Data extracted from a collection
+-------+

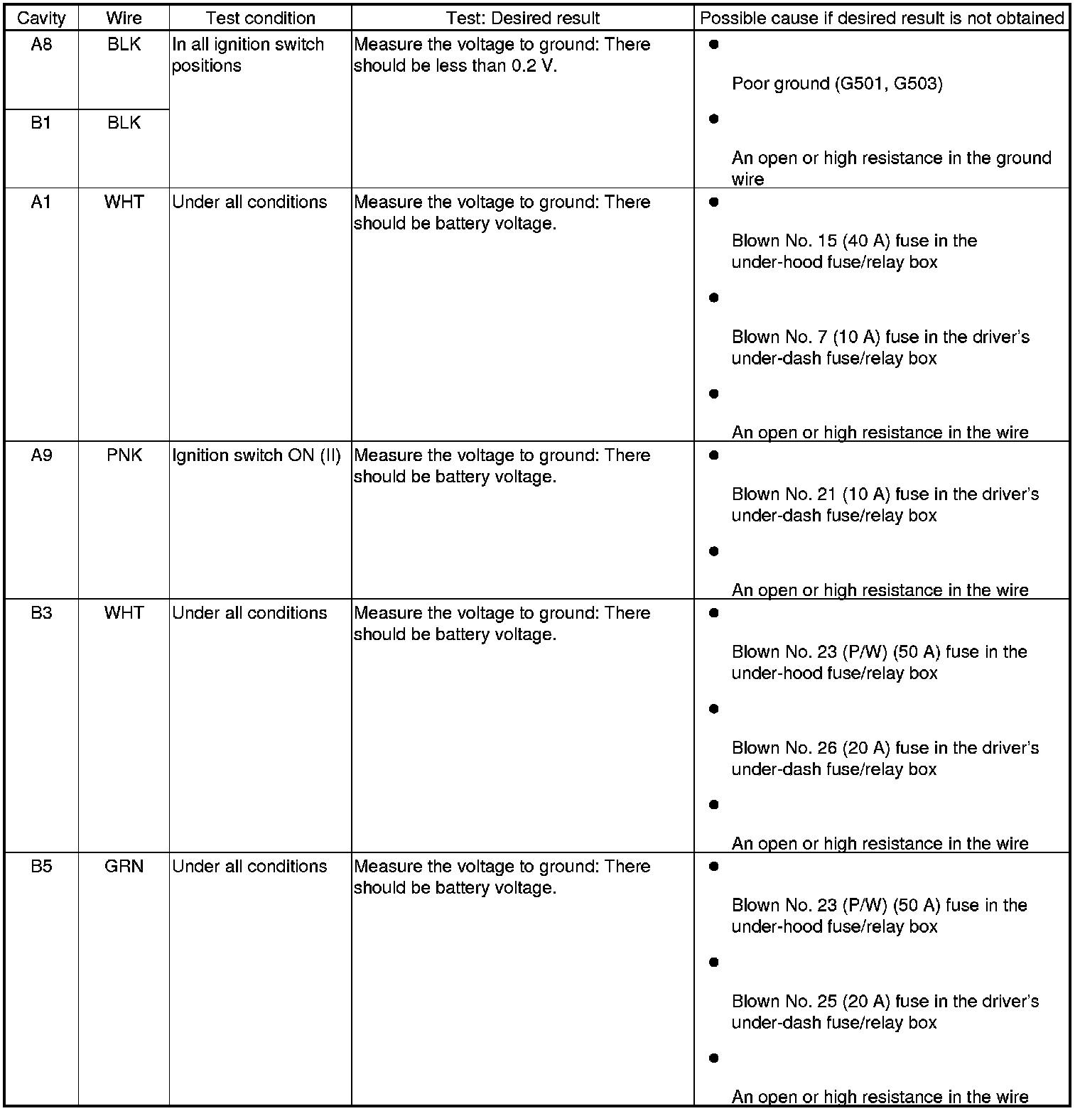 - If all the input tests prove OK, the control unit must be faulty; replace it.
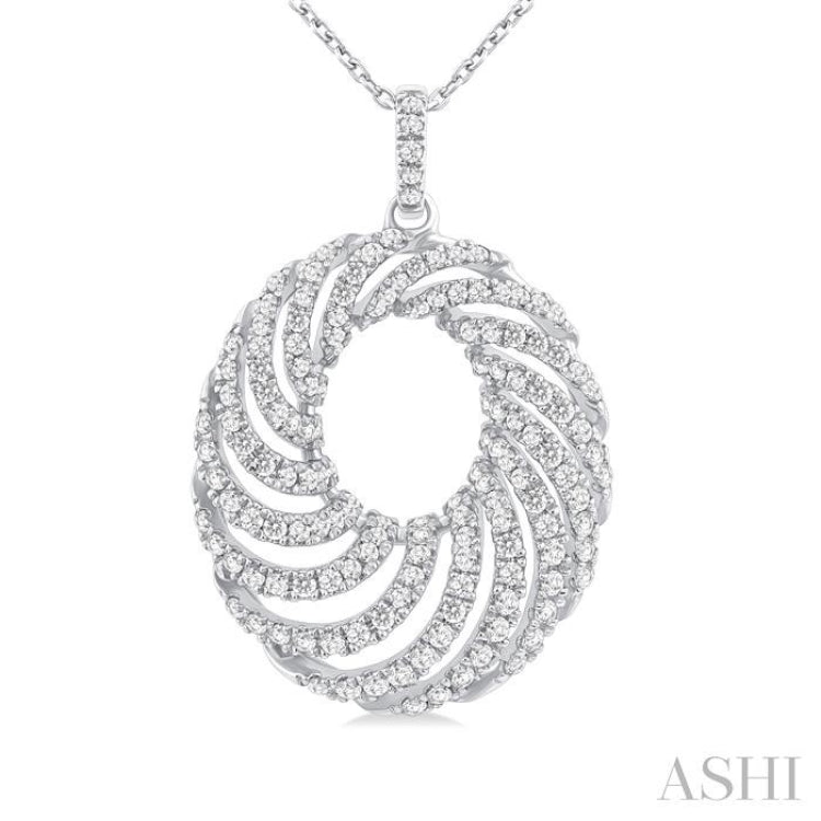 In jewelry, the circle symbolizes wholeness, continuity, and the cyclical nature of life, making this diamond fashion pendant a timeless emblem of unity and everlasting elegance. It showcases an exquisite open-window oval-shaped swirl pattern. The pendant features shorter swirls on the top half and larger, more dramatic swirls on the bottom half, together adorned with a total of 147 prong set round cut diamonds. A loop holder, accented with 5 prong set round cut diamonds, elegantly suspends the pendant from a CAT25 link chain. Both pendant and chain are styled in a rhodium finish 14 karat white gold. The total diamond weight is 1 Ctw.
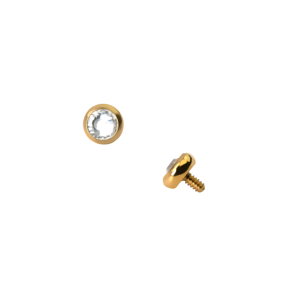Dieses Schmuckstück für ein Dermal Anchor besteht aus einer kleinen runden Platte, in der ein schöner klarer Stein sitzt.
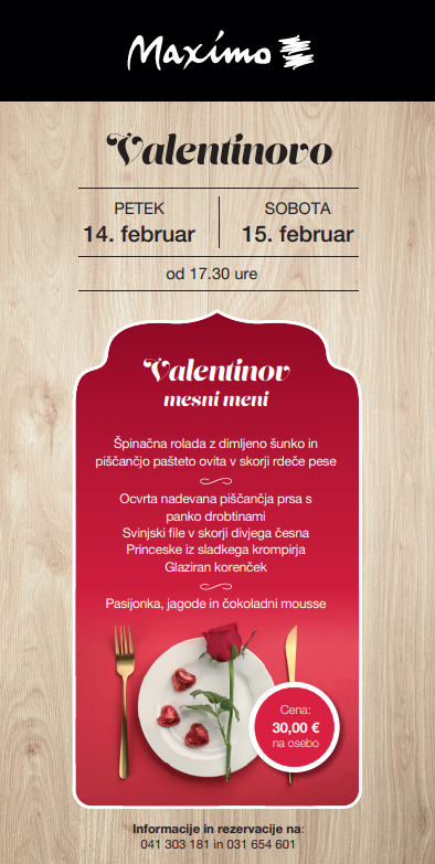 Valentinov meni v Restavraciji Maximo si lahko ogledate na spodnji fotografiji, cena menija pa bo 30 evrov na osebo.
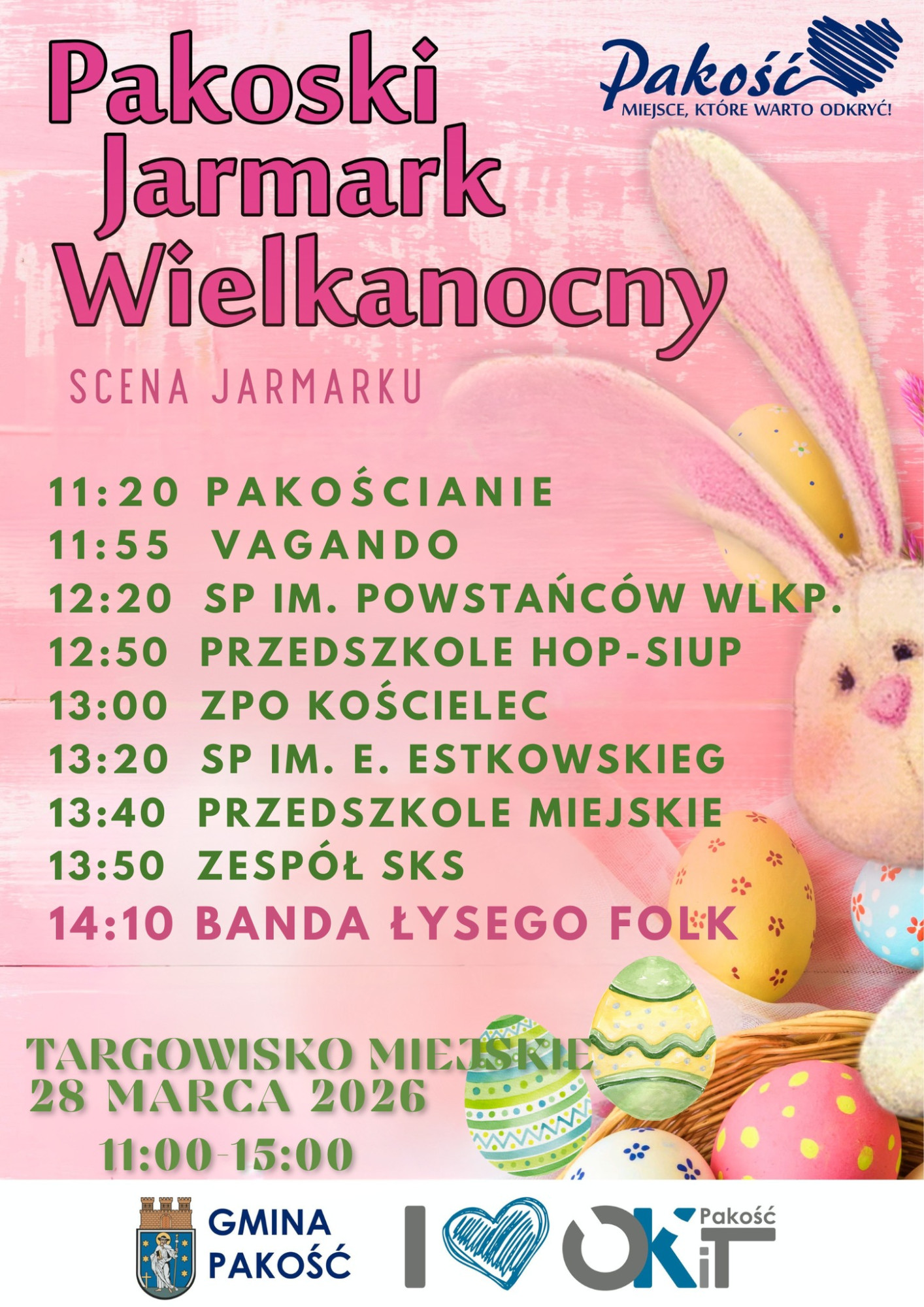 W najbliższą sobotę na Targowisku Miejskim w Pakości odbędzie się Pakoski Jarmark Wielkanocny. Wydarzenie zaplanowano w godzinach 11:00–15:00.
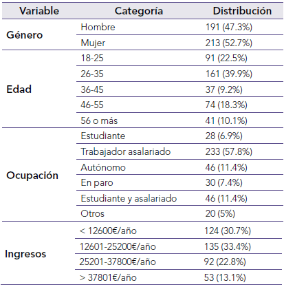 Como podemos observar en la tabla 2, la muestra está compuesta por 407 individuos, de los cuáles el 53% (216 individuos) son mujeres y el 47% (191 individuos) son hombres. De estos, observamos en la misma tabla, que las franjas de edad con mayor representación corresponden a las de 18 a 35 años, siendo estos el 58% del total de los encuestados. La mayoría de los encuestados son trabajadores asalariados (57.8%), seguidos de autónomos (11.4%) y estudiantes y asalariados (11.4%). En referencia a los ingresos, existe una distribución bastante equilibrada entre los distintos grupos: un 30.7% cobra menos de 12600 euros brutos anuales; un 33.4% cobra de 12601 a 25200 euros brutos anuales; un 22.8% cobra de 25201 a 37800 euros anuales; y, en el último grupo, el menos numeroso, tenemos un 13.1% que cobra más de 37801 euros brutos anuales.
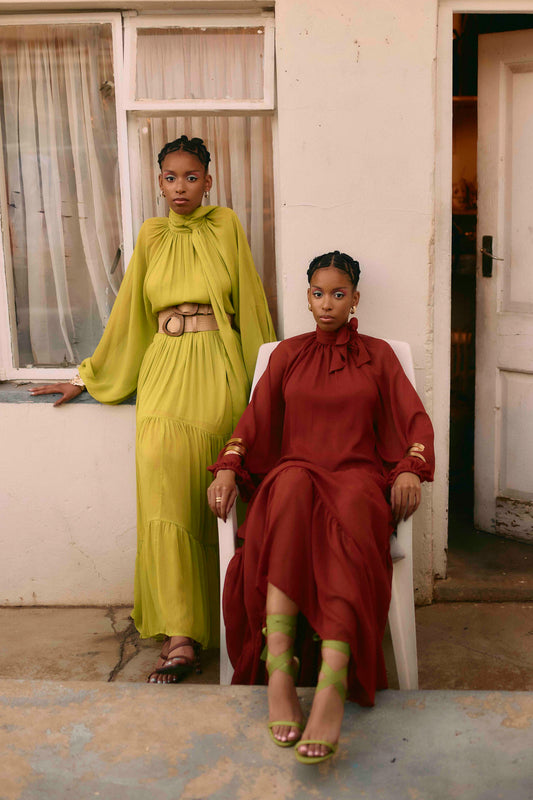 The collection mirrors the grace of the women who raised us by featuring refined dresses, flowing skirts, and coord sets crafted for sophistication. Sharp tops and silhouettes adorned in rich heritage and vibrant colours speak to a legacy of elevated style. The story is completed by powerful accessories including statement jewellery and structured handbags that act as armour for the modern woman. This is your invitation to discover your resolve and define your elegance through the way we show up for one another. This is the definitive collection for sophisticated women's clothing and contemporary South African fashion.

+-------+

A word-for-word repeat of the lines from the line with "W najbliższą sobotę" to the last line of the data, both ends included and pictures left out, is all that should appear.

 W najbliższą sobotę na Targowisku Miejskim w Pakości odbędzie się Pakoski Jarmark Wielkanocny. Wydarzenie zaplanowano w godzinach 11:00–15:00.
 Como podemos observar en la tabla 2, la muestra está compuesta por 407 individuos, de los cuáles el 53% (216 individuos) son mujeres y el 47% (191 individuos) son hombres. De estos, observamos en la misma tabla, que las franjas de edad con mayor representación corresponden a las de 18 a 35 años, siendo estos el 58% del total de los encuestados. La mayoría de los encuestados son trabajadores asalariados (57.8%), seguidos de autónomos (11.4%) y estudiantes y asalariados (11.4%). En referencia a los ingresos, existe una distribución bastante equilibrada entre los distintos grupos: un 30.7% cobra menos de 12600 euros brutos anuales; un 33.4% cobra de 12601 a 25200 euros brutos anuales; un 22.8% cobra de 25201 a 37800 euros anuales; y, en el último grupo, el menos numeroso, tenemos un 13.1% que cobra más de 37801 euros brutos anuales.
 The collection mirrors the grace of the women who raised us by featuring refined dresses, flowing skirts, and coord sets crafted for sophistication. Sharp tops and silhouettes adorned in rich heritage and vibrant colours speak to a legacy of elevated style. The story is completed by powerful accessories including statement jewellery and structured handbags that act as armour for the modern woman. This is your invitation to discover your resolve and define your elegance through the way we show up for one another. This is the definitive collection for sophisticated women's clothing and contemporary South African fashion.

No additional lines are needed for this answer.